Brief. Would you copy the records exactly, leaving the pictures out?
Records for this task Start Marker
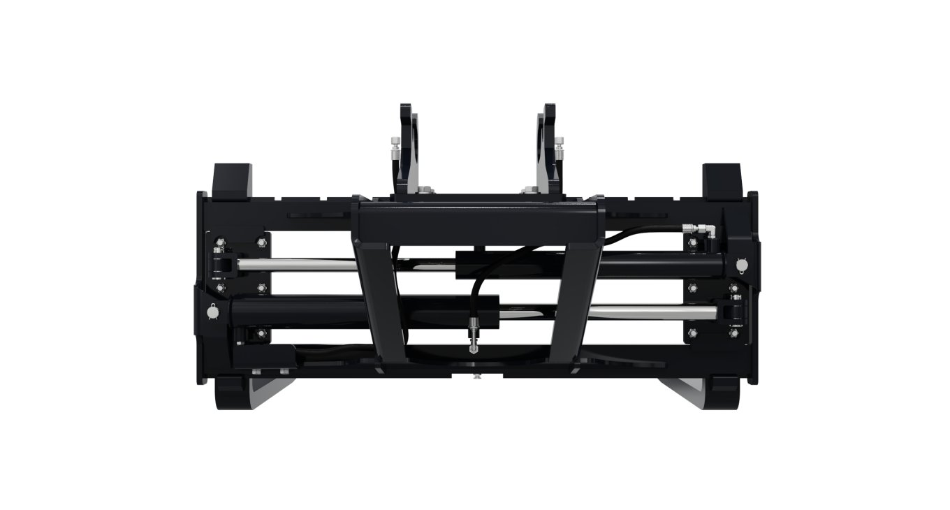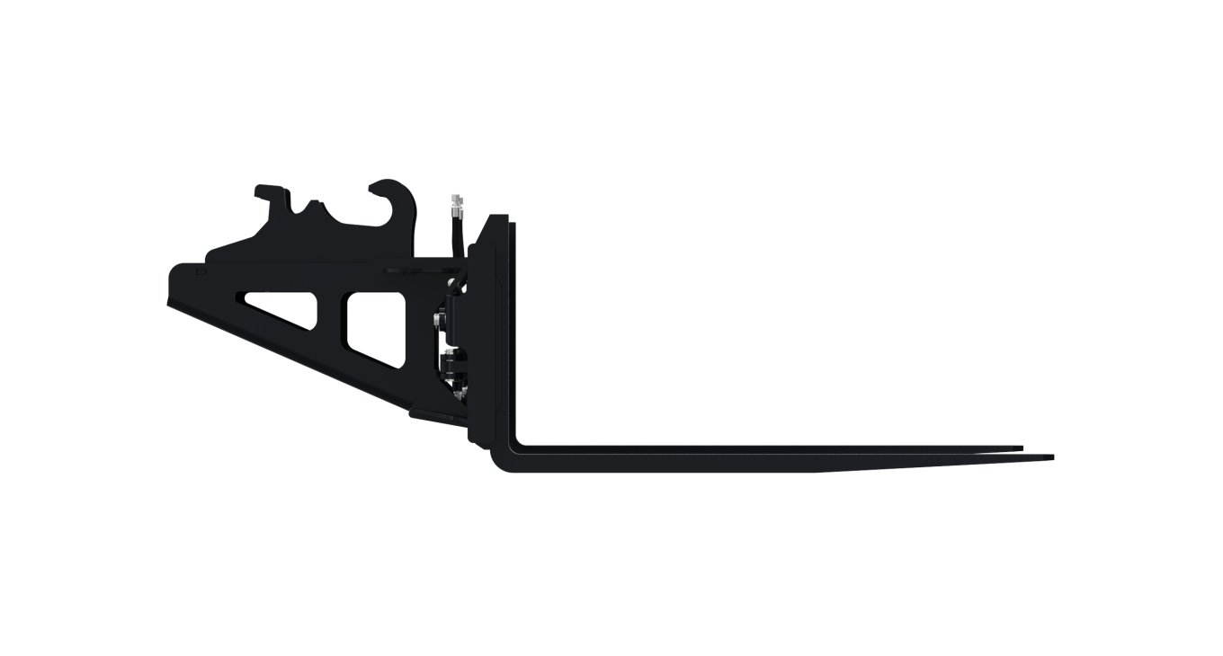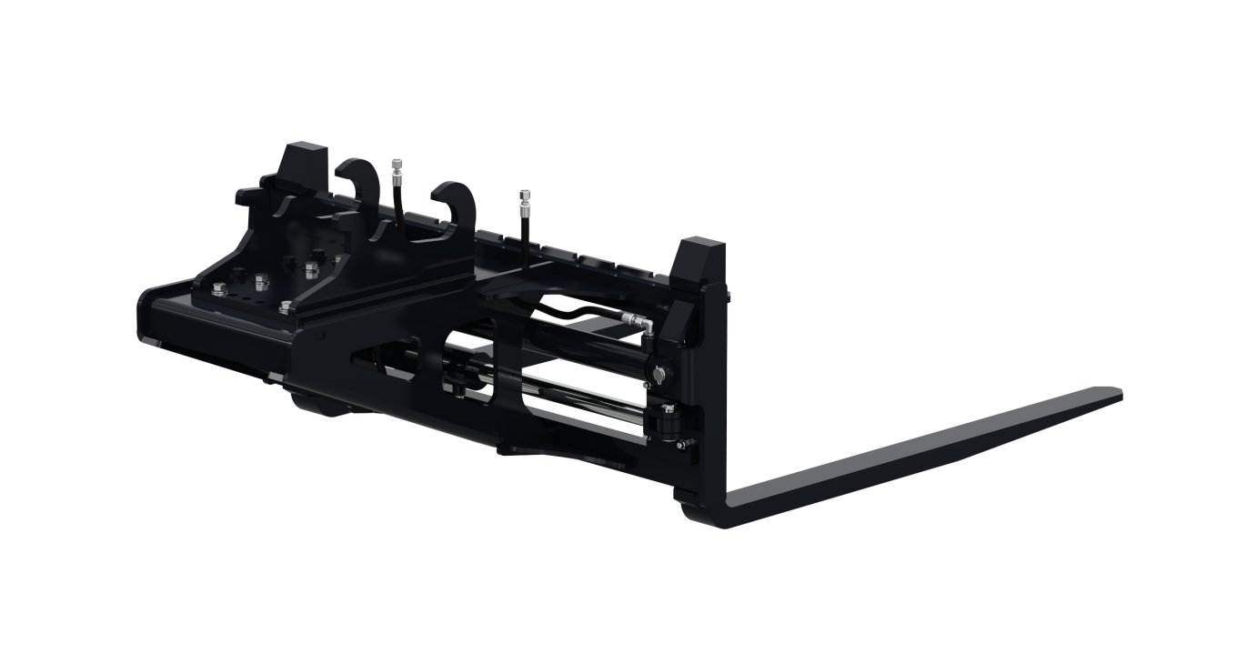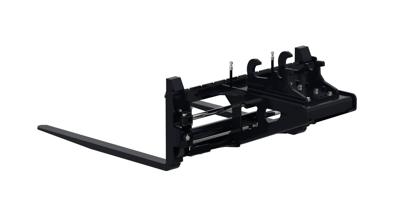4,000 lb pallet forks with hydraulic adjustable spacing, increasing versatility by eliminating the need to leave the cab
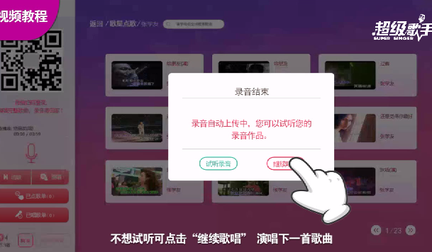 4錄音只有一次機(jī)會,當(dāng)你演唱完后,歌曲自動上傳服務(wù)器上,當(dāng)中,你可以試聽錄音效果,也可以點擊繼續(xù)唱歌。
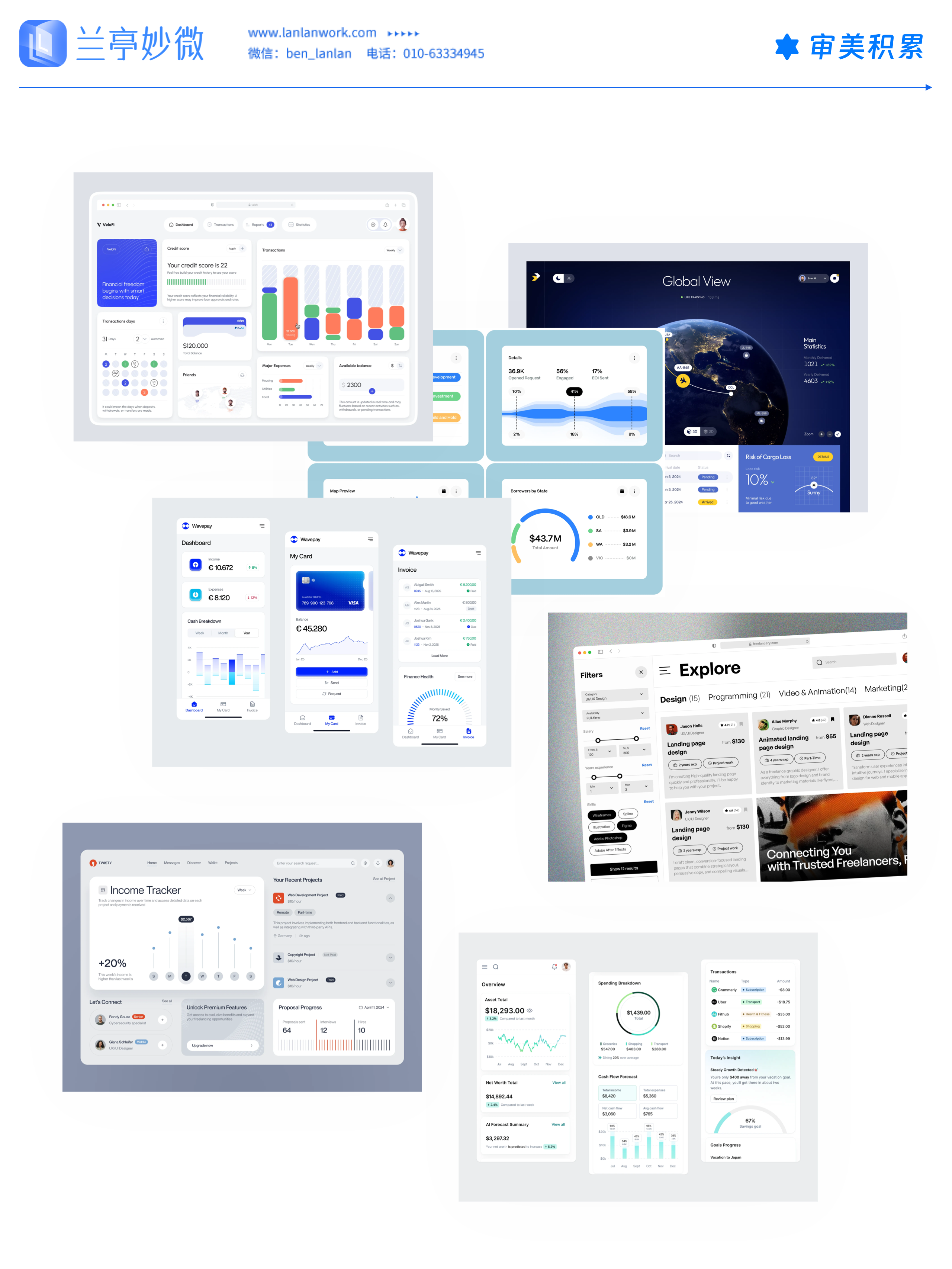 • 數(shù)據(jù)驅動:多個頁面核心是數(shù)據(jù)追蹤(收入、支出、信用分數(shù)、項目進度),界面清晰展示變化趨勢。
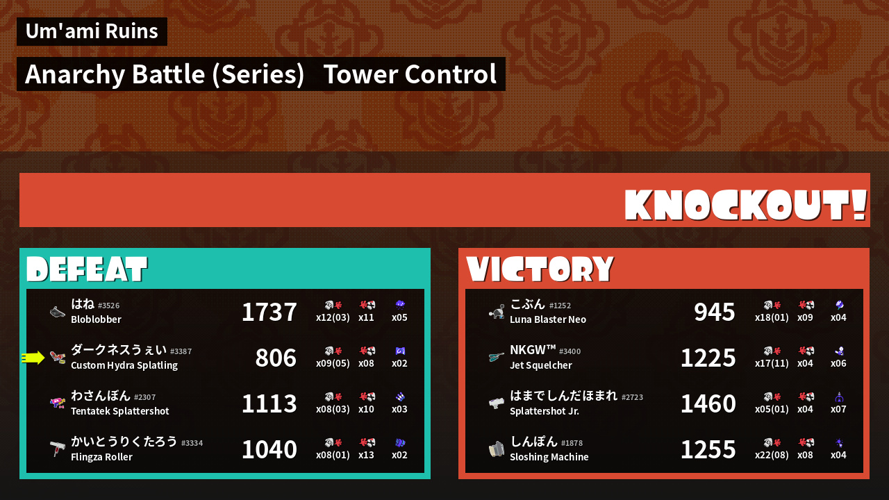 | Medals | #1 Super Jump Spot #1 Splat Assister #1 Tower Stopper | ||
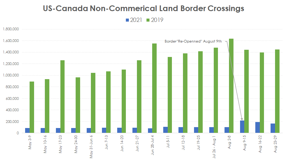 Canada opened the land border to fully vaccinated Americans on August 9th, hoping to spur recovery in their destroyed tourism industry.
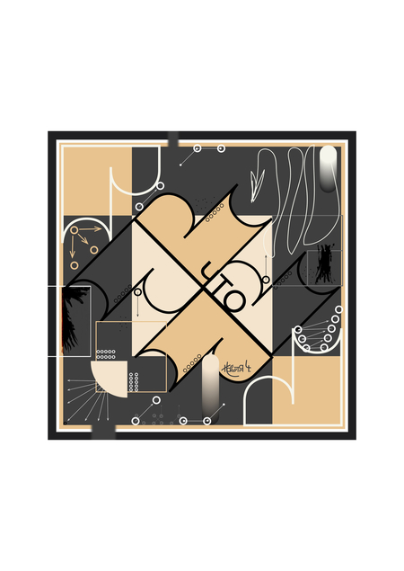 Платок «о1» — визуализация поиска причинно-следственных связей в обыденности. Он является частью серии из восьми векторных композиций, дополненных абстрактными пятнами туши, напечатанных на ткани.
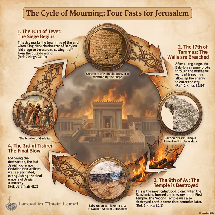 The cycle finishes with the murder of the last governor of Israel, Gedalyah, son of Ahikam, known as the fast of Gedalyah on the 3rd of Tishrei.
Records for this task End Marker
Response.
4,000 lb pallet forks with hydraulic adjustable spacing, increasing versatility by eliminating the need to leave the cab
 4錄音只有一次機(jī)會,當(dāng)你演唱完后,歌曲自動上傳服務(wù)器上,當(dāng)中,你可以試聽錄音效果,也可以點擊繼續(xù)唱歌。
 • 數(shù)據(jù)驅動:多個頁面核心是數(shù)據(jù)追蹤(收入、支出、信用分數(shù)、項目進度),界面清晰展示變化趨勢。
 | Medals | #1 Super Jump Spot #1 Splat Assister #1 Tower Stopper | ||
 Canada opened the land border to fully vaccinated Americans on August 9th, hoping to spur recovery in their destroyed tourism industry.
 Платок «о1» — визуализация поиска причинно-следственных связей в обыденности. Он является частью серии из восьми векторных композиций, дополненных абстрактными пятнами туши, напечатанных на ткани.
 The cycle finishes with the murder of the last governor of Israel, Gedalyah, son of Ahikam, known as the fast of Gedalyah on the 3rd of Tishrei.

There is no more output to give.